Prospects for Care Coordination Measurement Using Electronic Data Sources

Appendix A: Methods of Seeking Input About the Potential for Measuring Care Coordination Using Electronic Data

Our primary means for exploring how care coordination might be measured in novel ways using data from electronic data sources was through discussion with a panel of experts. Details of the panel selection process and discussions are outlined below. We also investigated additional sources that panelists suggested would help inform our discussion, and consulted with additional informants who provided background information and feedback on conclusions from the panel review. We synthesized information learned from all these sources and present results and conclusions in this report.


Panelist Selection

The project team sought to assemble a panel of experts in electronic data sources that might be used today or in the near future to measure care coordination.

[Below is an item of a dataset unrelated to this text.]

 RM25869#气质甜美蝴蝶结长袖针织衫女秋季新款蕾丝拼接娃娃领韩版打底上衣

To identify these experts, we first sought the input of AHRQ, which has an extensive research portfolio in health IT. We received a list of AHRQ-recommended individuals and began our outreach with these potential participants. As we progressed through initial calls and learned of additional potential avenues to explore, we grew the list of individuals we sought to engage in the panel. These additional means of identifying potential panelists included:

  • Association with reports, workgroups, or other materials reviewed as part of our background research.
  • Referrals from other panelists.
  • Referrals from individuals we contacted, but who were unable to participate in the panel themselves.
  • Web research for individuals associated with organizations of interest.

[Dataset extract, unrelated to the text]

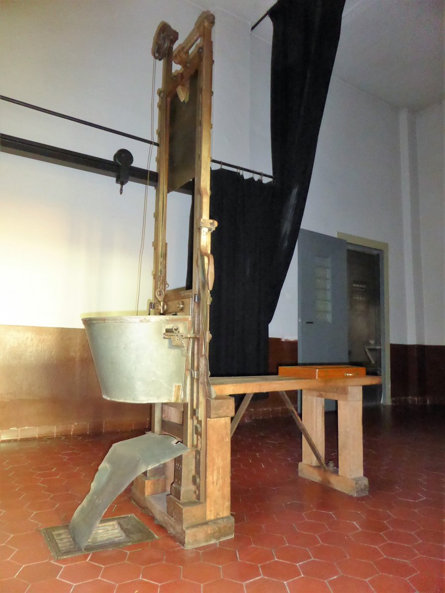 Die meisten der vom RKG gefällten Todesurteile wurden durch Enthauptung vollstreckt. Bis August 1940 fanden die Hinrichtungen in der Haftanstalt Berlin-Plötzensee37 statt, ab dann im Zuchthaus Brandenburg-Görden. Hinrichtungen in den Richtstätten erfolgten fast wie im Akkord und Einzelvollstreckungen wurden aus Kostengründen kaum vorgenommen. Zudem sollten zum Tode verurteile Personen erst kurz vor der Vollstreckung des Urteils in den Richtstätten eintreffen. Ein Gefängnispfarrer aus dem Untersuchungsgefängnis Dortmund beschrieb die Hinrichtungspraxis38: „Der Verurteilte hatte sich an ein hochgeklapptes, am Kopfende ausgekehltes Brett zu stellen. Ehe er sich besinnen konnte, warfen ihn die Henkersknechte auf das Brett, das in einem Scharnier befestigt war und um 90 Grad umschlug (…) In der selben Sekunde drückte der Scharfrichter auf den Knopf. Das Fallbeil sauste herab, der Kopf des Verurteilten flog in einen bereitgestellten Weidenkorb. Der Blutverlust war ungeheuer, die Beine des Sterbenden zuckten jedesmal so zusammen, daß die Holzpantinen im weiten Bogen fortgeschleudert wurden.“39

The following individuals participated in our expert panel review and have agreed to have their names appear in this report.

Table A-1. Expert Panelists and Affiliations

Panelist Position Affiliation
Hunt Blair Deputy Commissioner, Division of Health Reform & State Health Information Technology Coordinator Department of Vermont Health Access
Carmella Bocchino Executive Vice President America's Health Insurance Plans
Keri Christensen, M.S. Senior Policy Analyst, Performance Improvement American Medical Association
Joanne Cuny, R.N., M.B.A. Director, PCPI Measure Testing and Quality Improvement American Medical Association
Aaron N. Cutshall, M.S.C.I.S. Senior Data Architect Indiana Health Information Exchange
Floyd Eisenberg, M.D., M.P.H., FACP Senior Vice President for Health Information Technology National Quality Forum
J. Michael Fitzmaurice, Ph.D., FACMI Senior Science Advisor for Information Technology, Office of the Director Agency for Healthcare Research and Quality
Valerie Fong, R.N., M.S.N. Senior Manager, Care Delivery Transitions Kaiser Permanente
Craig Jones, M.D. Director Vermont Blueprint for Health
Melanie P. Mastanduno, B.S.N., M.P.H. Director, Population Health Measurement The Dartmouth Institute of Health Policy and Clinical Practice
Patrick Miller, M.P.H. Research Associate Professor; Co-Chair, All-Payer Claims Database Council New Hampshire Institute for Health Policy and Practice
Jon D. Morrow, M.D. Senior Medical Leader, Clinical Data Services GE Healthcare
Wilson D. Pace, M.D., FAAFP Professor, Green-Edelman Chair for Practice-based Research University of Colorado School of Medicine
L. Greg Pawlson, M.D., M.P.H. Executive Director of Quality Innovations BlueCross BlueShield Association
Fred Rachman, M.D. CEO Alliance of Chicago Community Health Services
Elizabeth Schofield, B.S.N., M.B.A. Clinical Product Specialist Siemens Medical Solutions
Claudia Steiner, M.D., M.P.H. Research Medical Officer Agency for Healthcare Research and Quality
Paul Tang, M.D., M.S. Chief Innovation and Technology Officer Palo Alto Medical Foundation
Charlene S. Underwood, M.B.A., FHIMSS Senior Director, Government and Industry Affairs Siemens Healthcare

*One individual who was unable to be publicly affiliated with this work represented an additional health IT solutions vendor perspective. Additional panelists who do not appear above represent a payer perspective and national-level involvement and expertise with Meaningful Use.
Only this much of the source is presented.